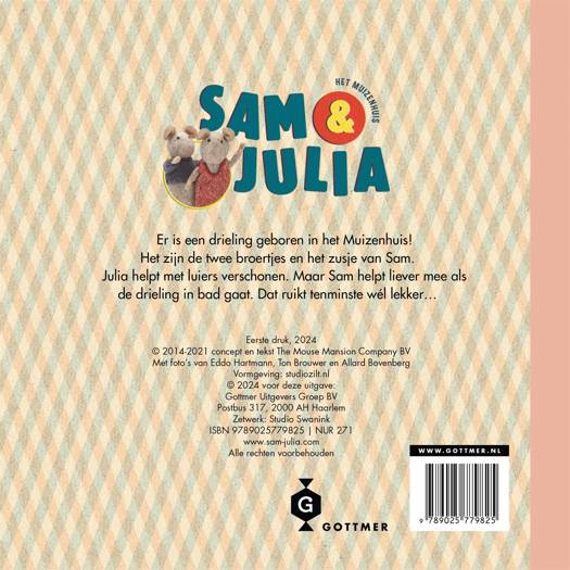 Het prentenboek 'Een drieling' van Het Muizenhuis is er nu in een uitvoering gemaakt van stevig karton - handig voor grijpgrage peuterhandjes van de jongste lezers. Ga mee op reis door de charmante kamers en gangen van deze met de hand gemaakte muizenwereld met Sam, Julia en al hun vrienden en familie. Bij Sam thuis is een drieling geboren. Sam heeft er twee broertjes en een zusje bij gekregen. Wat zijn ze toch klein en schattig! Julia gaat op bezoek en samen helpen ze met de verzorging van de baby's. En ja, daar hoort ook het verschonen van de luiers bij.
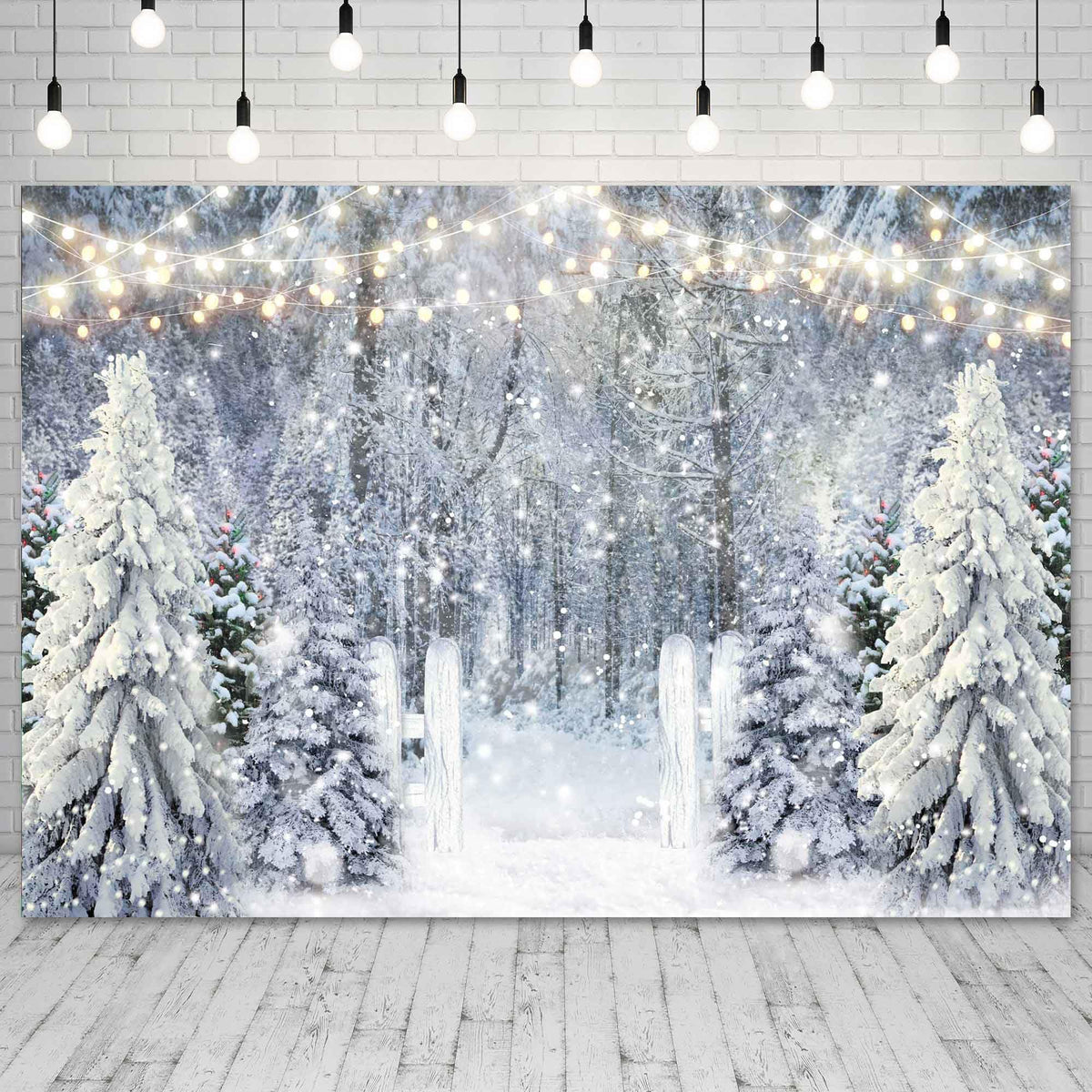 Livucee 7X5Ft Polyester Fabric Winter White Snowy Forest Backdrop For Photography Christmas Glitter Wonderland Nature Xmas Trees
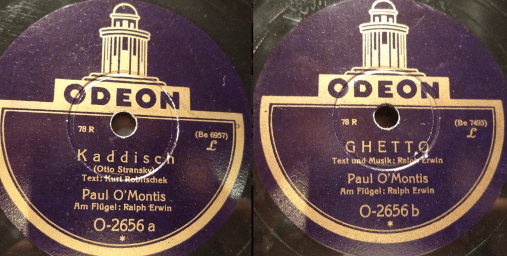 Offenbar ist Paul O’Montis Ansehen so gefestigt, dass es seiner Karriere nicht schadet, in einer Zeit des wachsenden Antisemitismus solche Lieder in sein Programm zu nehmen und auf Platten zu singen, oder er leidet als Außenseiter mit den jüdischen Paria mit. Etwas irritierend wirkt die Mischung, auf der Rückseite einer der „Ghetto“-Aufnahmen hören wir „Ich bin verrückt nach Hilde, die küsst ja wie ’ne Wilde“ (1929), ein weiterer seiner Songs, in denen ein Spiel mit den Geschlechtern und hier ein Transvestit oder eine Transsexuelle vorkommt:
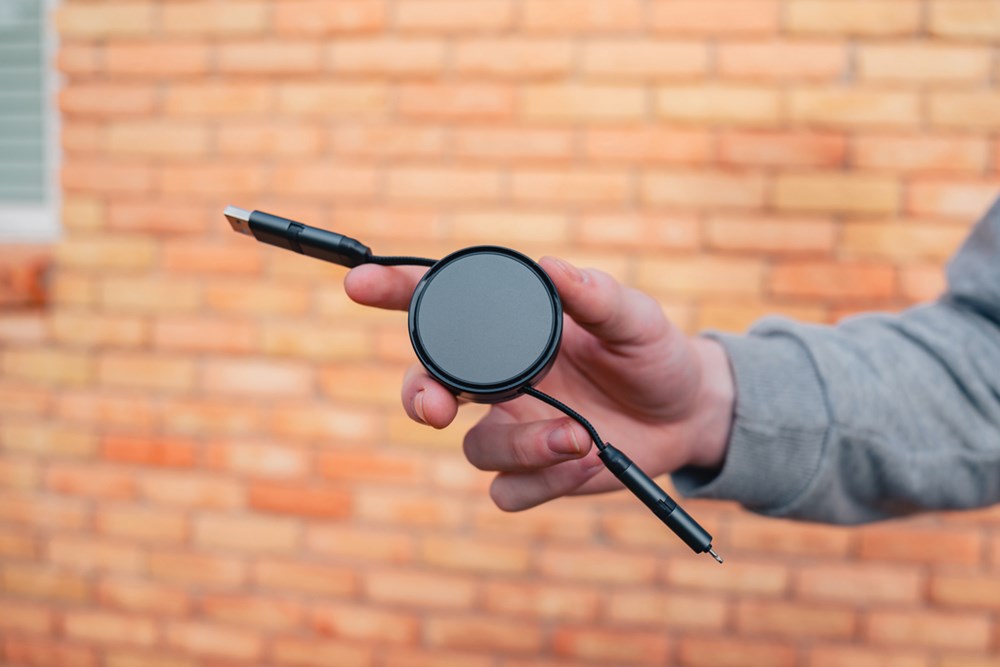 Uittrekbare oplaad- en datakabel gemaakt van RCS (Recycled Claim Standard) gecertificeerd...meer
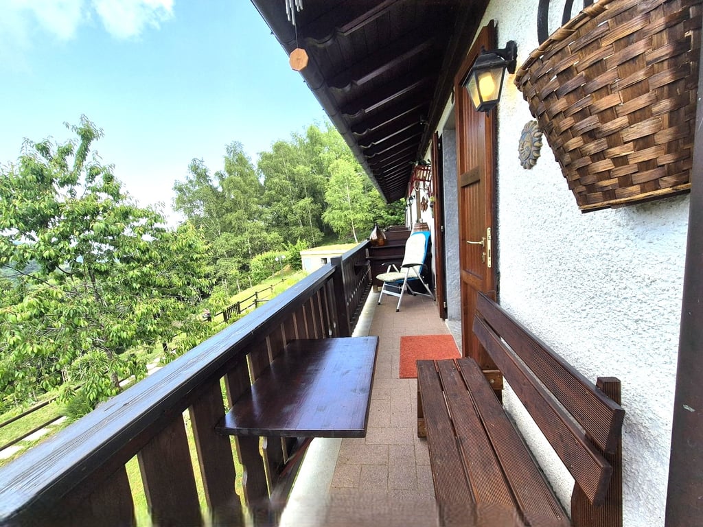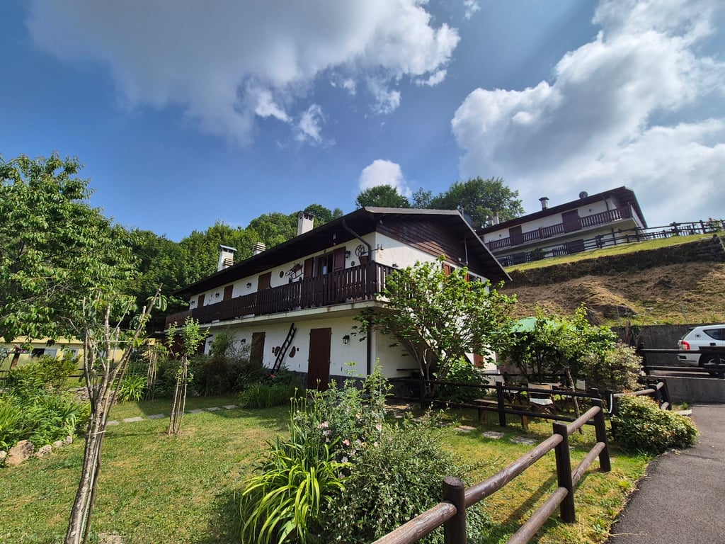 First floor apartment , quality fittings and with private garden Access with staircase from Garden to balcony with beautiful view of the Apuam marble mountains. Extra adjoning land with fruit trees in common with the other apartments. Tools shed ouside. Good quality furniture is Included. Walking distance to small ski resort and restaurants. Private Parking Space. Entrance to the apartment. Open plan Kitchen/Living /Dining Room with Fireplace and a double sofa bed 1 Double Bedroom 1 Bathroom ...
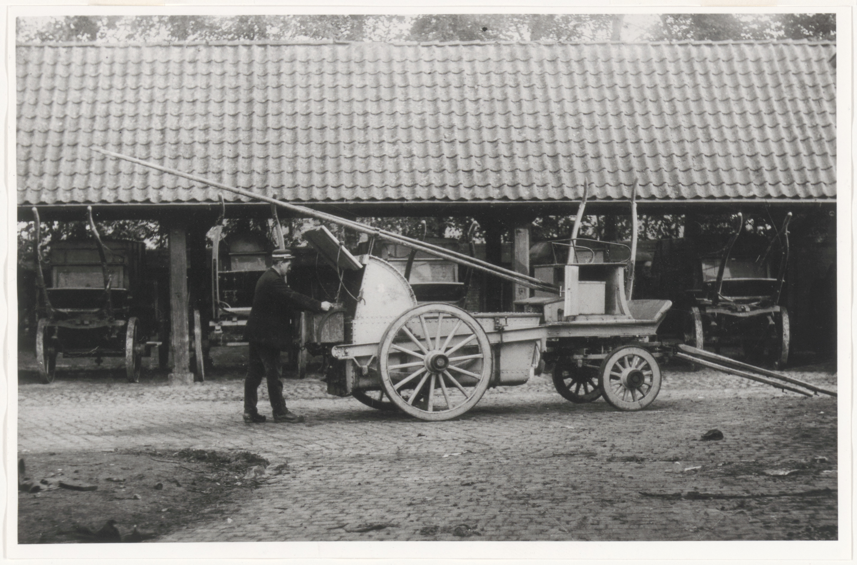 Vuilophaalwagen (zonder paard) en een vuilophaler van de reinigingsdienst voor de …
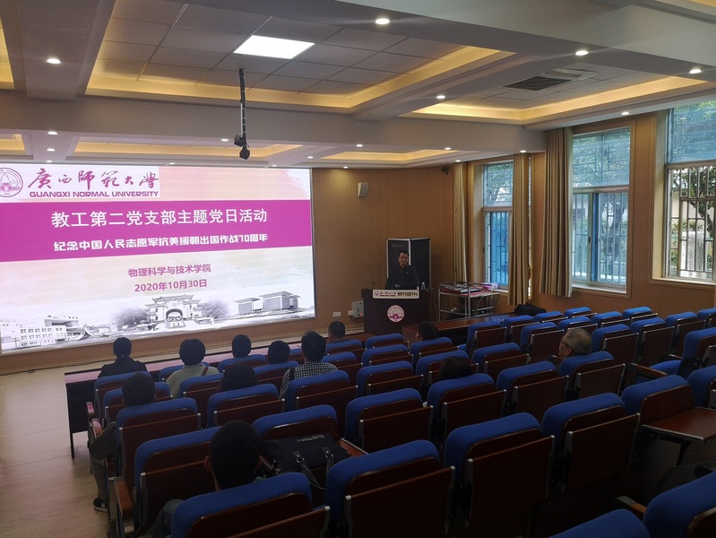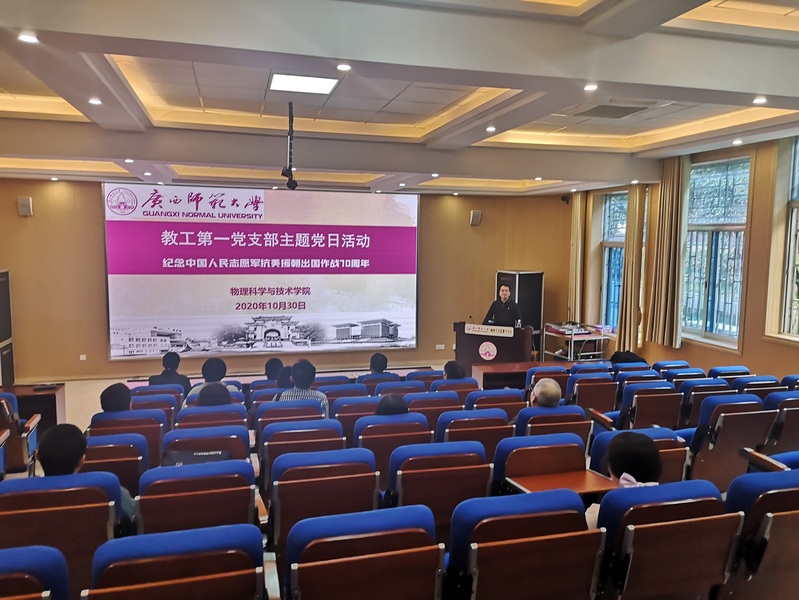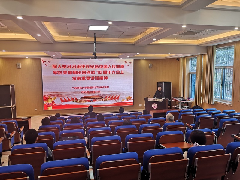 为铭记先辈功绩,深入开展红色主题教育活动,纪念伟大的抗美援朝战争,2020年10月30日,必一·运动(B-Sports)官方网站与技术学院结合学院实际情况,组织教工第一、第二党支部在阶梯教室召开主题党日活动,学习习近平总书记在纪念中国人民志愿军抗美援朝出国作战70周年大会上的重要讲话精神,学院党委书记黄万华领学。
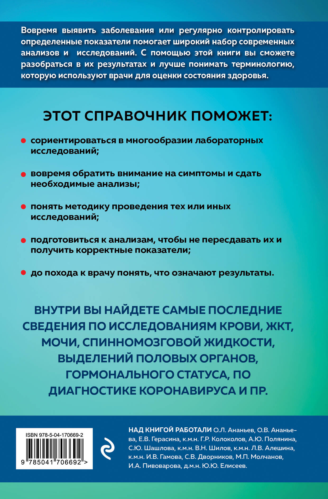 Самый современный и исчерпывающий справочник, содержащий всю необходимую информацию о лабораторных исследованиях и анализах. Внутри вы найдете описания часто используемых и редких методик и рекомендации по подготовке к ним, а также расшифровку результатов анализов и советы по исследованиям при тех или иных симптомах. В это обновленное издание включена информация по диагностике коронавируса. Справочник предназначен для широкого круга читателей.| Издательство | ООО "Издательство "Эксмо" |
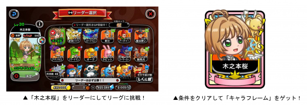 コラボ限定キャラ「木之本桜」をリーダーにしてリーグに挑む「リーダー腕利きGP」を開催いたします。バトルに勝利してより多くの「キャラフレP」を獲得したランキング上位者や条件を達成した方には、コラボ限定「キャラフレーム」が贈られます。

□ □ □ □ □ □ □

> **Aim of the exercise**: Exclude the pictures. Write out the remaining data exactly.

> **Final answer**:
 Het prentenboek 'Een drieling' van Het Muizenhuis is er nu in een uitvoering gemaakt van stevig karton - handig voor grijpgrage peuterhandjes van de jongste lezers. Ga mee op reis door de charmante kamers en gangen van deze met de hand gemaakte muizenwereld met Sam, Julia en al hun vrienden en familie. Bij Sam thuis is een drieling geboren. Sam heeft er twee broertjes en een zusje bij gekregen. Wat zijn ze toch klein en schattig! Julia gaat op bezoek en samen helpen ze met de verzorging van de baby's. En ja, daar hoort ook het verschonen van de luiers bij.
 Livucee 7X5Ft Polyester Fabric Winter White Snowy Forest Backdrop For Photography Christmas Glitter Wonderland Nature Xmas Trees
 Offenbar ist Paul O’Montis Ansehen so gefestigt, dass es seiner Karriere nicht schadet, in einer Zeit des wachsenden Antisemitismus solche Lieder in sein Programm zu nehmen und auf Platten zu singen, oder er leidet als Außenseiter mit den jüdischen Paria mit. Etwas irritierend wirkt die Mischung, auf der Rückseite einer der „Ghetto“-Aufnahmen hören wir „Ich bin verrückt nach Hilde, die küsst ja wie ’ne Wilde“ (1929), ein weiterer seiner Songs, in denen ein Spiel mit den Geschlechtern und hier ein Transvestit oder eine Transsexuelle vorkommt:
 Uittrekbare oplaad- en datakabel gemaakt van RCS (Recycled Claim Standard) gecertificeerd...meer
 First floor apartment , quality fittings and with private garden Access with staircase from Garden to balcony with beautiful view of the Apuam marble mountains. Extra adjoning land with fruit trees in common with the other apartments. Tools shed ouside. Good quality furniture is Included. Walking distance to small ski resort and restaurants. Private Parking Space. Entrance to the apartment. Open plan Kitchen/Living /Dining Room with Fireplace and a double sofa bed 1 Double Bedroom 1 Bathroom ...
 Vuilophaalwagen (zonder paard) en een vuilophaler van de reinigingsdienst voor de …
 为铭记先辈功绩,深入开展红色主题教育活动,纪念伟大的抗美援朝战争,2020年10月30日,必一·运动(B-Sports)官方网站与技术学院结合学院实际情况,组织教工第一、第二党支部在阶梯教室召开主题党日活动,学习习近平总书记在纪念中国人民志愿军抗美援朝出国作战70周年大会上的重要讲话精神,学院党委书记黄万华领学。
 Самый современный и исчерпывающий справочник, содержащий всю необходимую информацию о лабораторных исследованиях и анализах. Внутри вы найдете описания часто используемых и редких методик и рекомендации по подготовке к ним, а также расшифровку результатов анализов и советы по исследованиям при тех или иных симптомах. В это обновленное издание включена информация по диагностике коронавируса. Справочник предназначен для широкого круга читателей.| Издательство | ООО "Издательство "Эксмо" |
 コラボ限定キャラ「木之本桜」をリーダーにしてリーグに挑む「リーダー腕利きGP」を開催いたします。バトルに勝利してより多くの「キャラフレP」を獲得したランキング上位者や条件を達成した方には、コラボ限定「キャラフレーム」が贈られます。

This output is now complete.